예제에서는 이 tensorflow.keras.applications 모듈의 inception_v3 모듈로부터 불러온 InceptionV3 함수를 사용해서 InceptionV3 모델을 구성합니다. InceptionV3 모델에 대해서는 링크1, 링크2를 참고하세요.

InceptionV3 모델은 상단 (출력층과 가까운 신경망의 끝부분)에 완전 연결된 뉴런층을 포함합니다.

include_top는 이러한 완전 연결된 뉴런층의 포함 여부를 설정합니다.

weights는 적용할 가중치를 지정합니다.

• None: 임의로 초기화 (random initialization)된 가중치를 적용합니다.

• imagenet: ImageNet에 대해 사전 훈련된 가중치를 적용합니다. (Default)

그 다음으로 load_weights() 메서드를 사용해서 미리 다운로드한 가중치를 InceptionV3 모델에 적용합니다.

layer.trainable는 뉴런층의 가중치의 훈련 가능 여부를 설정합니다.

summary() 메서드로 구성한 모델의 구조를 출력했습니다.

매우 많은 수의, 그리고 다양한 뉴런층이 포함되어 있음을 알 수 있습니다.

InceptionV3 모델의 구조를 그림으로 나타내면 아래와 같습니다.

InceptionV3 모델의 구조 (이미지 참고).

마지막 층 출력 확인하기

last_layer = pre_trained_model.get_layer('mixed7')
print('last layer output shape: ', last_layer.output.shape)
last_output = last_layer.output

last layer output shape:  (None, 7, 7, 768)

TensorFlow로 구성한 모델의 모든 뉴런층에는 이름이 있습니다.

앞에서 summary() 메서드로 모든 뉴런층의 이름을 출력했습니다.

‘mixed7’라는 이름을 갖는 층을 가져와서 사전 훈련된 신경망 모델의 마지막 층으로 지정했습니다.

모델 구성/컴파일하기

from tensorflow.keras.optimizers import RMSprop

x = layers.Flatten()(last_output)
x = layers.Dense(1024, activation='relu')(x)
x = layers.Dense(1, activation='sigmoid')(x)

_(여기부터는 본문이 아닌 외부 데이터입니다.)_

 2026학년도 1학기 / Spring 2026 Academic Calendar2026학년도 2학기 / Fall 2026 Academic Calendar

model = Model(pre_trained_model.input, x)

model.compile(optimizer=RMSprop(lr=0.0001),
            loss='binary_crossentropy',
            metrics=['accuracy'])

Flatten()는 앞에서 지정한 InceptionV3 모델의 마지막 층의 출력을 1차원으로 변환합니다.

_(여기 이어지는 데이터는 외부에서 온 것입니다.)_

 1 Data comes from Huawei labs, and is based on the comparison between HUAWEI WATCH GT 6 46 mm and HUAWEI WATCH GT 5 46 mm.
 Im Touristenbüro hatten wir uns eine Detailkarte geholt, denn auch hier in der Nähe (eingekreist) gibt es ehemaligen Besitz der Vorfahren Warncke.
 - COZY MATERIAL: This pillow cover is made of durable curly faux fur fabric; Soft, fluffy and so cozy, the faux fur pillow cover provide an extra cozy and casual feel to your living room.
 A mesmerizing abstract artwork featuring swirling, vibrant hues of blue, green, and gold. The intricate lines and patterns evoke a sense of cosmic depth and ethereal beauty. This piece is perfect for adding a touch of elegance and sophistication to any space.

Dense()는 완전 연결된 뉴런층을 추가합니다.

두 개의 뉴런층을 추가하고 활성화 함수를 각각 ‘relu’와 ‘sigmoid’로 지정했습니다.

Model() 클래스에 InceptionV3 모델의 입력과 새롭게 구성한 뉴런층을 입력함으로써 새로운 모델을 만들었습니다.

compile()을 사용해서 구성한 모델을 컴파일합니다.

데이터셋 다운로드하기

사전 훈련된 가중치를 평가하기 위한 Kaggle Dogs Vs. Cats 데이터셋을 준비합니다.

Kaggle Dogs Vs. Cats 데이터셋에 대해서는 고양이와 개 이미지 분류하기 페이지를 참고하세요.

!wget --no-check-certificate \
        https://storage.googleapis.com/mledu-datasets/cats_and_dogs_filtered.zip \
       -O /tmp/cats_and_dogs_filtered.zip

import os
import zipfile

local_zip = '//tmp/cats_and_dogs_filtered.zip'

zip_ref = zipfile.ZipFile(local_zip, 'r')
zip_ref.extractall('/tmp')
zip_ref.close()

--2020-08-25 14:07:51--  https://storage.googleapis.com/mledu-datasets/cats_and_dogs_filtered.zip
Resolving storage.googleapis.com (storage.googleapis.com)... 173.194.216.128, 172.217.193.128, 172.217.204.128, ...
Connecting to storage.googleapis.com (storage.googleapis.com)|173.194.216.128|:443... connected.
HTTP request sent, awaiting response... 200 OK
Length: 68606236 (65M) [application/zip]
Saving to: ‘/tmp/cats_and_dogs_filtered.zip’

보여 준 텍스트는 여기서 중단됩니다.